Three PNs with arborisations restricted to the cumulus responded to codlemone, codlemone acetate and the esters (Fig. 3A). However, responses to sex pheromone components were also observed in PNs innervating ordinary glomeruli (Fig. 4A), including OGs 20, 21, 43, 48 and 49 located near the cumulus, and OGs 10 and 11 in the antero-ventral part of the AL. Apart from the PN innervating OG 11, all of these neurons also responded to plant volatiles.

We obtained stainings of uniglomerular PNs innervating the same OG that showed different response spectra (e.g. PNs 12 and 13 innervating OG 23; Table 1). Among the three PNs that innervated OG 36, PNs 18 and 19 responded, each with different response dynamics, to six plant compounds, whereas PN 17 responded to only three of these. Similarly, OGs 1 and 2 were innervated by PNs (PNs 1 and 2) that displayed different response dynamics in response to some common plant volatiles, including pear ester, butyl hexanoate and (Z)-3-hexenyl benzoate; PN 2 also responded to hexyl 2-methyl-butanoate, methyl salicylate, acetic acid, (E)-β-farnesene and linalool (Table 1). By contrast, other PNs that responded to the same compounds innervated different glomeruli, e.g. the PNs that innervated OGs 12 (Fig. 3B), 16 (Fig. 3C) and 18 all responded phasic-tonically to (Z)-3-hexenol and methyl salicylate, and the nearby OG 14 was innervated by a PN that showed a phasic response to (Z)-3-hexenol.

Besides uniglomerular PNs, we also stained two multiglomerular PNs, each arborising in two closely adjacent glomeruli: PN 16, which responded to the main pheromone component, codlemone acetate and some plant volatiles, innervated the cumulus and the adjacent OG 20; and PN 4, which responded specifically to (Z)-3-hexenol and methyl salicylate, innervated OGs 9 and 19.

On the basis of the identification of the target glomeruli of identified PNs showing intermediate to strong responses (above the threshold of 30 spikes s^–1) to different classes of plant compounds, we observed a tendency towards a chemotopic organisation in the AL (Fig. 4). PNs responding to esters and acetic acid mainly innervated glomeruli in the dorso-lateral part of the AL (Fig. 4C,I). The distribution of these glomeruli also partially overlapped with those innervated by PNs responding to sex pheromone components (Fig. 4A). PNs responding to alcohols and benzenoids were frequently found innervating the same glomeruli in the dorso-medial and ventro-medial part of the AL (Fig. 4E,G). Terpenoids activated PNs innervating glomeruli in the dorsal part of the AL (Fig. 4K).

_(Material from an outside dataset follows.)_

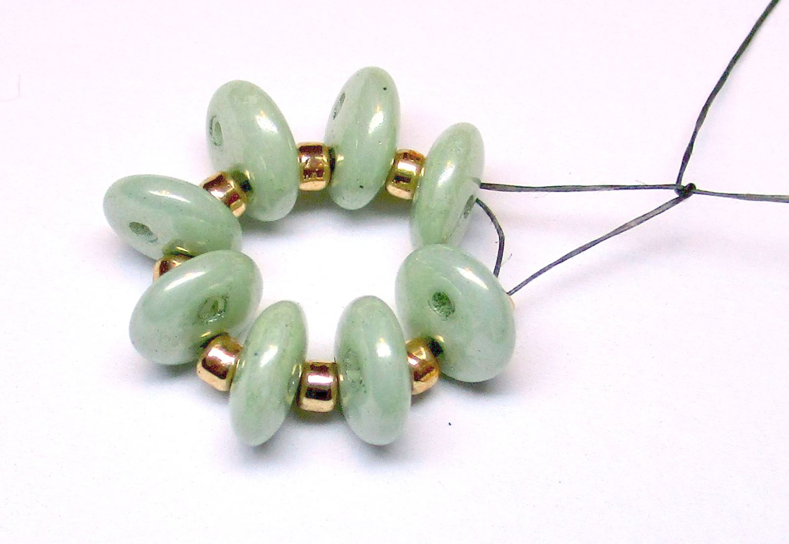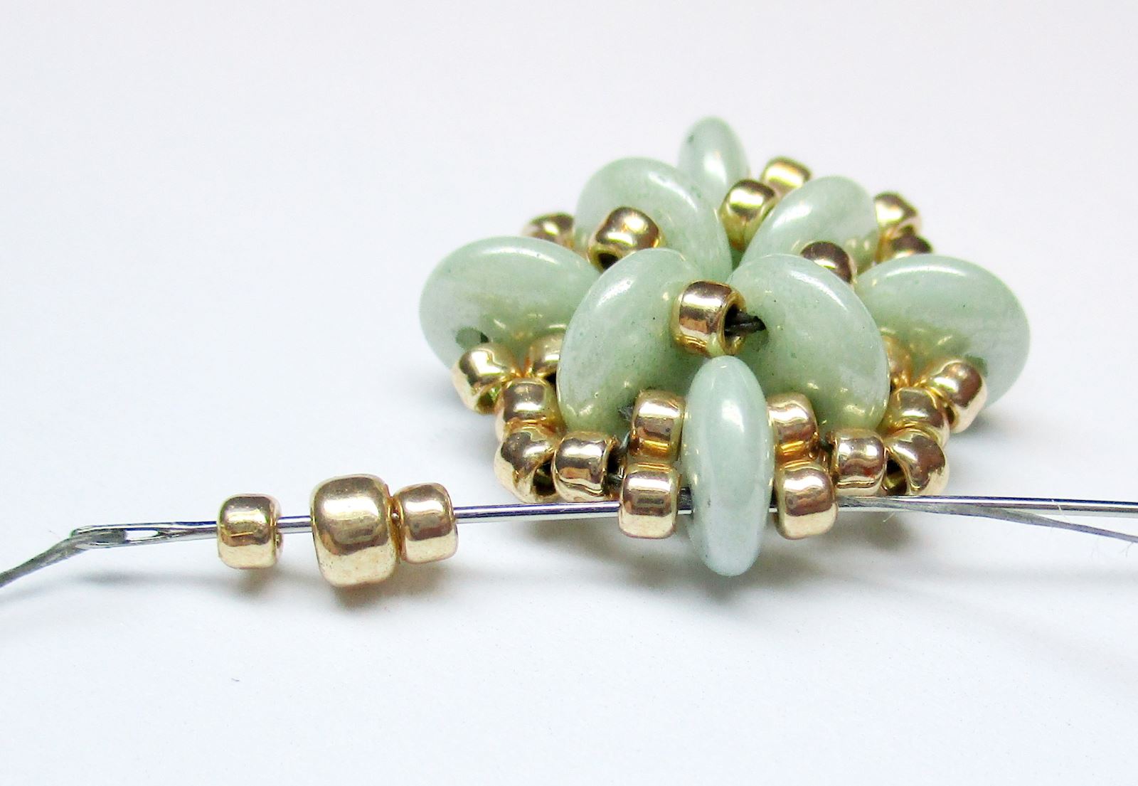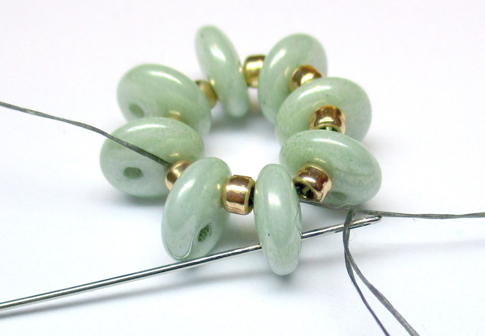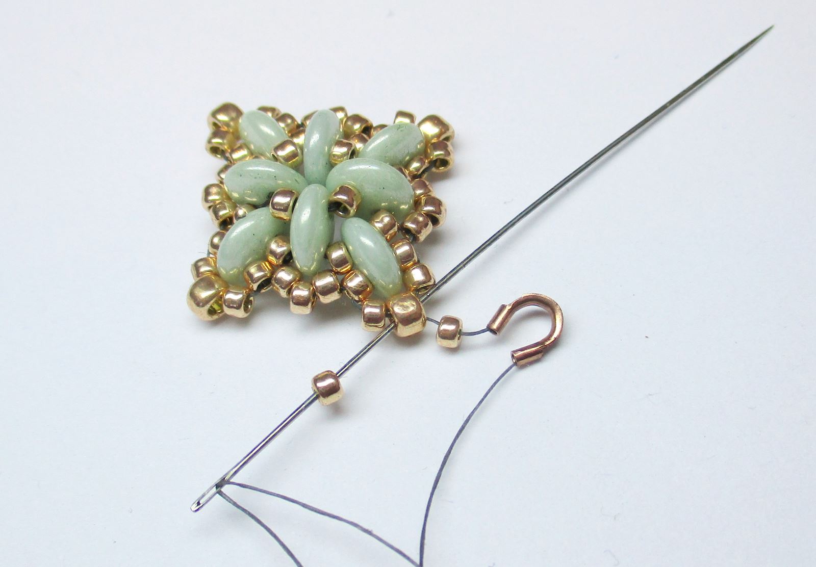 Fädeln Sie die Nadel wie auf dem Foto gezeigt durch die Perlen.
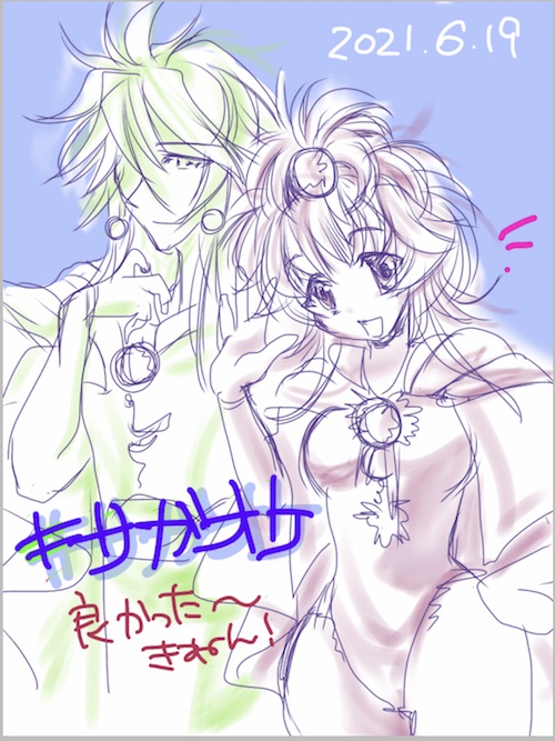 深夜の落書きからの寝落ち〜😇 (塗り適当でごめんなさい💦 ) おはようございます😃 今日からのガチャ、この一人と一匹狙いで回します!! この組み合わせ、大好物なんですよね〜✨ こいこい🙏🙏 #ミンサガRS #ロマサガRS祝4周年

The morphologically identified LNs were characterised by different response profiles. Three of the five identified LNs (25, 26 and 27) displayed excitatory responses to a single compound and, at the same time, inhibition to several plant stimuli (Table 1). LN 24 was less specific and showed an excitatory response to several plant volatiles. Finally, LN 23 did not respond to any of the tested single stimuli but showed an excitatory response to the blends of codlemone with dodecanol and pear ester with acetic acid (Table 1).

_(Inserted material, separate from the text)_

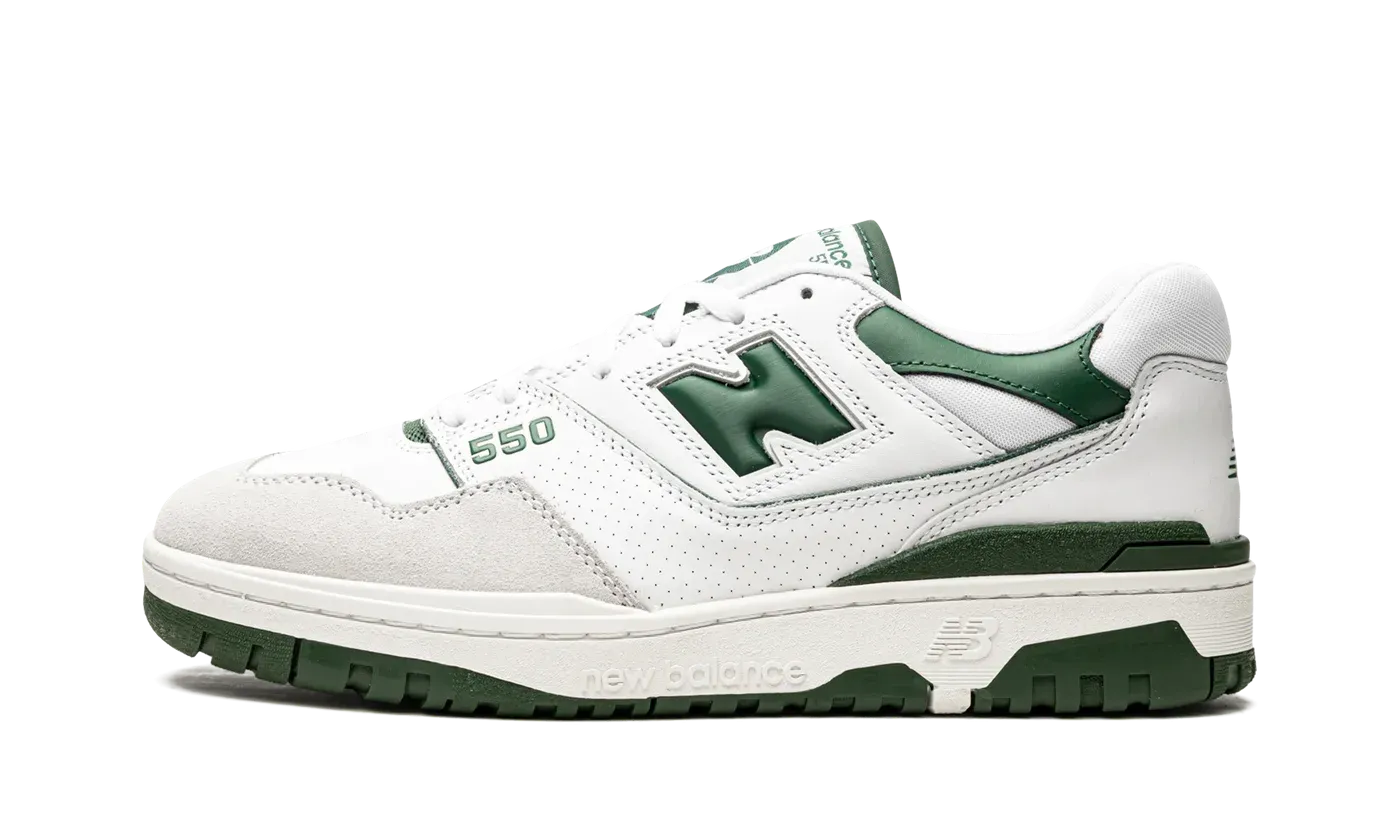 Introducing the New Balance 550 White/Green sneakers for men, a classic basketball shoe with a retro-inspired design.
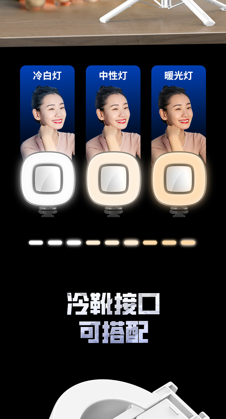 跨境新品热销P135自拍杆磁吸款 四脚手机支架蓝牙自拍杆加补光灯

The response spectra of 27 stained and 23 non-stained AL neurons of female C. pomonella are shown in Table 2. The excitatory response spectra of female AL neurons displayed some similarities with that of males: 15 neurons were excited by a single compound, 12 neurons responded to two to three compounds and the remaining neurons were activated by a broad range of odorants.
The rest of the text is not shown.